Whether or not a function is continuous is almost always obvious. The first two functions in Figure 2-5 $-f$ and $g$ – have no gaps, so they’re continuous. The next two $-p$ and $q-$ have gaps at $x=3$, so they’re not continuous. That’s all there is to it. Well, not quite. The two functions with gaps are not continuous everywhere, but because you can draw sections of them without taking your pencil off the paper, you can say that parts of them are continuous. And sometimes a function is continuous everywhere it’s defined. Such a function is described as being continuous over its entire domain, which means that its gap or gaps occur at $x-$ values where the function is undefined. The function $p$ is continuous over its entire domain; $q$, on the other hand, is not continuous over its entire domain because it’s not continuous at $x=3$, which is in the function’s domain.

Continuity and limits usually go hand in hand.
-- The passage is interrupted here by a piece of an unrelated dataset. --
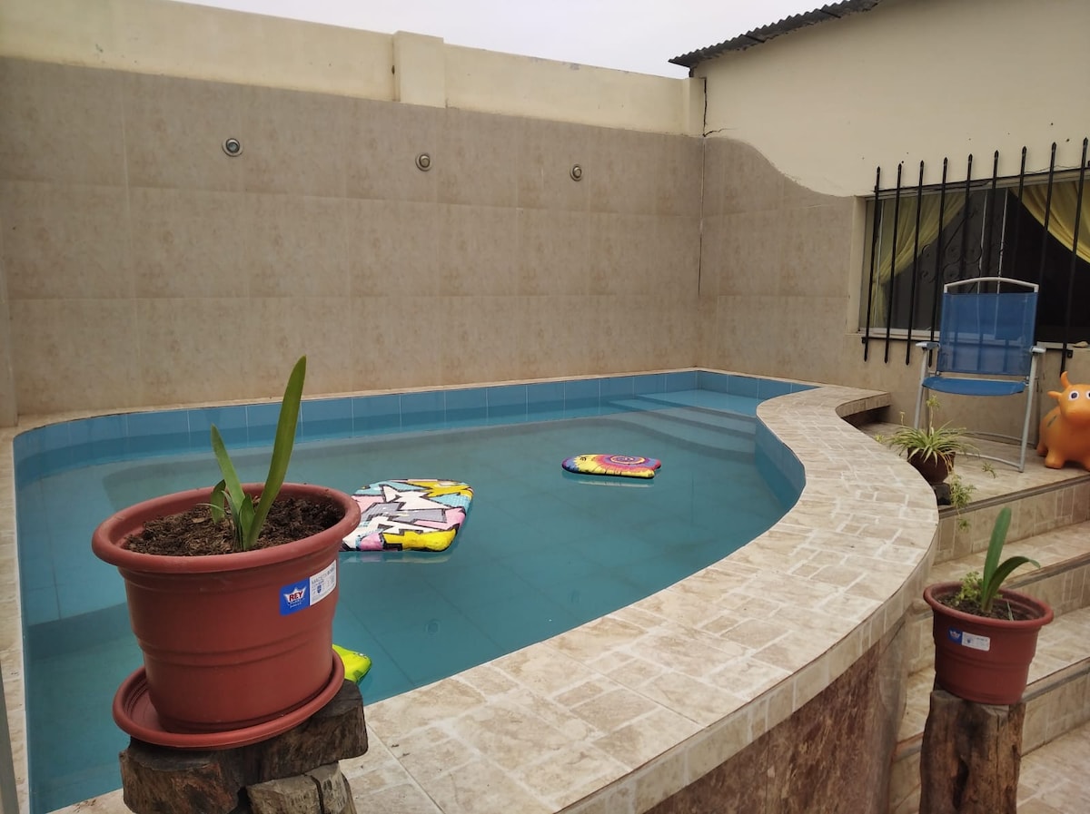沉浸在鄉村的美麗鄉村住宿,距離Ferreñafe市僅4公裏,周圍環繞著大自然的綠色,鳥兒的歌聲無疑會為您帶來美麗的覺醒,非常充足的空間,在您住宿期間提供更大的舒適和超級放鬆。 我們有120平方公尺的泳池、5間舒適的房間、4間浴室、酒吧、烤肉、露臺、花園、撞球桌、WiFi、蟾蜍遊戲、足球桌、棋盤遊戲、Netflix、DirecTV。

Look at $x=3$ on the four functions in Figure 2-5. Consider whether each function is continuous there and whether a limit exists at that $x$-value. The first two, $f$ and $g$, have no gaps at $x=3$, so they’re continuous there. Both functions also have limits at $x=3$, and in both cases, the limit equals the height of the function at $x=3$, because as $x$ gets closer and closer to 3 from the left and the right, $y$ gets closer and closer to $f(3)$ and $g(3)$, respectively.

## 数学代写|微积分代写Calculus代考|Limits and horizontal asymptotes

$$\lim {x \rightarrow \infty} f(x)=1 \text { and } \lim {x \rightarrow-\infty} f(x)=1$$

$$h(t)=16 t^2$$
($h$是球下落的高度，单位是英尺，$t$是球下落的时间，单位是秒)

## MATLAB代写

MATLAB 是一种用于技术计算的高性能语言。它将计算、可视化和编程集成在一个易于使用的环境中，其中问题和解决方案以熟悉的数学符号表示。典型用途包括：数学和计算算法开发建模、仿真和原型制作数据分析、探索和可视化科学和工程图形应用程序开发，包括图形用户界面构建MATLAB 是一个交互式系统，其基本数据元素是一个不需要维度的数组。这使您可以解决许多技术计算问题，尤其是那些具有矩阵和向量公式的问题，而只需用 C 或 Fortran 等标量非交互式语言编写程序所需的时间的一小部分。MATLAB 名称代表矩阵实验室。MATLAB 最初的编写目的是提供对由 LINPACK 和 EISPACK 项目开发的矩阵软件的轻松访问，这两个项目共同代表了矩阵计算软件的最新技术。MATLAB 经过多年的发展，得到了许多用户的投入。在大学环境中，它是数学、工程和科学入门和高级课程的标准教学工具。在工业领域，MATLAB 是高效研究、开发和分析的首选工具。MATLAB 具有一系列称为工具箱的特定于应用程序的解决方案。对于大多数 MATLAB 用户来说非常重要，工具箱允许您学习应用专业技术。工具箱是 MATLAB 函数（M 文件）的综合集合，可扩展 MATLAB 环境以解决特定类别的问题。可用工具箱的领域包括信号处理、控制系统、神经网络、模糊逻辑、小波、仿真等。